Statsfru ("Lady of the State") is an office at the Royal Court of Sweden. The title has been used for two different offices during the course of history. Originally created in 1774, the office was simply the title of a married lady-in-waiting in rank between the överhovmästarinna and the kammarfröken, and shared between several individuals. This function disappeared after 1965. From 1994 onward, the title Statsfru has been used by the senior lady-in-waiting of the queen, and became a managerial title held by only one person at the time.

==Historical function==

Originally, the Swedish Royal Household had no married ladies-in-waiting. The ladies-in-waiting, collectively referred to as Hovfruntimret, consisted of unmarried noblewomen with the title Hovfröken (maid of honour) one of whom could be promoted to a Kammarfröken (Senior maid of honour). They were supervised by the Överhovmästarinna, who was a widowed noblewoman, and the Kammarfröken was her deputy. Married noblewomen attended court informally, by being married to husbands who had offices at court, but a married noblewoman could not have her own office at court.

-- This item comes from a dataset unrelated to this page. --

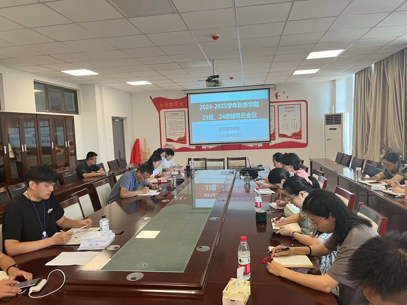 为做好新学年秋季学期工作,9月3号下午,经贸旅游学院在经贸楼3楼会议室召开2023级、2024级班级辅导员会议。会议由学院学管办主任王明明主持,学院党总支书记梅亚松、副书记赵倩倩、学管办全体专职辅导员、全体2023级、2024级班级辅导员,2024级新生班级学生助理参加了此次会议。

In 1774, king Gustav III introduced a new office called statsfru, to make it possible for married women to have a formal position at court. The new category of ladies-in-waiting, the Statsfru, were ranked below the widowed Överhovmästarinna but above the unmarried Kammarfröken and Hovfröken. While the
Överhovmästarinna had the rank of Excellency and the Hovfröken had the rank of Colonel, the Statsfru had the rank of a General and were to be treated in accordance with this rank in public.

The Statsfru were to be married noblewomen. Both the queen and the queen dowager had statsfru. There were always several statsfru, who alternated in served the queen in pairs of two: in 1774, there were six Statsfru, and in 1917, there were eight.
Their function was essentially the same as the Hovfröken: they performed secretarial duties, answered letters, made purchases, acted as messengers, delivered orders, performed smaller representational duties such as attending weddings and funerals in the nobility as in place of the queen, and accompanied the queen as her company and entourage.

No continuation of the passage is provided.